The actual history seems to have been more complicated than that.

Puritan was more of an epithet than a name that meant much in itself.
There never was a denomination called Puritan, so far as I know.
Puritan was a label applied to people who wanted to purify the church.
It was basically the term used in England for those who wanted to go
farther in the Reformation than the Church of England had done.  Puritans
wanted to stick closely to the Reformation goal of scripture alone as
authority.  In particular, they tended to reject bishops and church
hierarchies, and they had fewer sacraments; marriage, for example,
was to them not a sacrament; rather a secular legal contract.
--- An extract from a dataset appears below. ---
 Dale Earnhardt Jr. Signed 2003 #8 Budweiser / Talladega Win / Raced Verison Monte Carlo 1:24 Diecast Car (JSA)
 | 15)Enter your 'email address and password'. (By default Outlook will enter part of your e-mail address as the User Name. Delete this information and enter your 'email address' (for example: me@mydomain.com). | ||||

Puritans who did not remain with the Church of England tended to form
churches that took the Congregational organizational structure.  Most
of the churches of the Puritans in New England were Congregationalist.
Cotton Mather, for example, was a Congregationalist, and I think it's
safe to say that he was a Puritan.  Most Congregationalists were Puritans.

The church in Dorchester, Mass. was Congregationalist, as was the one
in Dorchester, S.C., and the one in Midway, Georgia.  Rev. Joseph Lord
and Rev. John Osgood were Congregationalists; probably Rev. Hugh Fisher
(the one between those two in S.C.) was, as well.
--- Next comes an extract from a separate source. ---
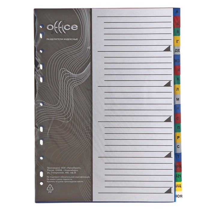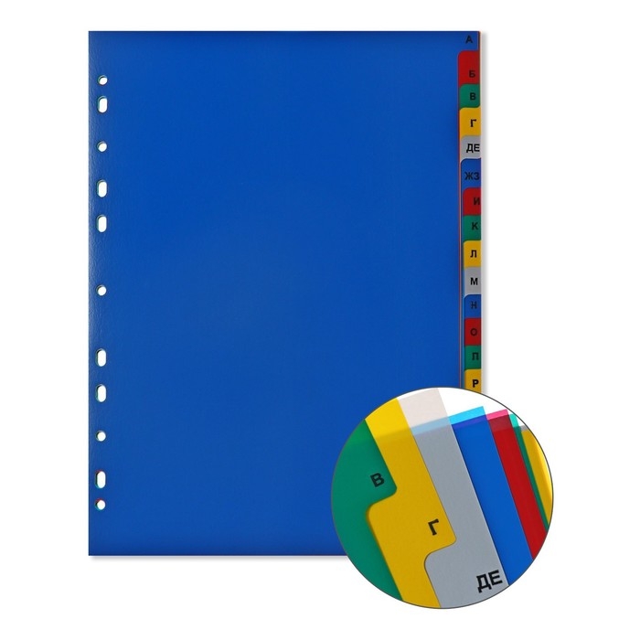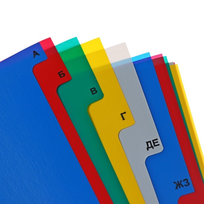 Набор разделителей листов А4 Office-2000, алфавитные А-Я, 20 листов, цветные, пластик 140 мкм

Rev. Osgood was also the first minister in Midway.  Rev. Abiel Holmes
was Congregationalist, so far as I know.  Similarly Rev. Jedidiah Morse.

In Georgia, presumably due to the proximity of Midway to Darien, which
was a Scottish settlement, Scottish Presbyterian influence became greater.
Presbyterians were, after all, in origin the Scottish church founded by
John Knox on Calvinist principles, while Congregationalists were English
Calvinists, so there wasn't a great deal of difference between the two
denominations.

Most of the pastors of Midway were Presbyterian, although the church and
society were always Congregationalist in form.  Methodists often preached
at Midway; when William Bartram visited in 1774, Rev. Osgood had died,
and a Methodist was preaching that particular week.

The S.C. and Midway colony was more willing to listen to other denominations
than the Mathers had been.  This may have had more than a little to do with
why this colony moved south.  Yet in traditions and organizational form,
they were Puritans.  A slightly different kind of Puritans, it's true,
also coming originally from a different area of England.  But Puritans
nonetheless.

In their southern homes they were even more unusual than they had
been in Massachusetts, because they were the only Puritan colony
in the southern states.  Their standards of religious practice,
learning, decorum, etc. made them stand out.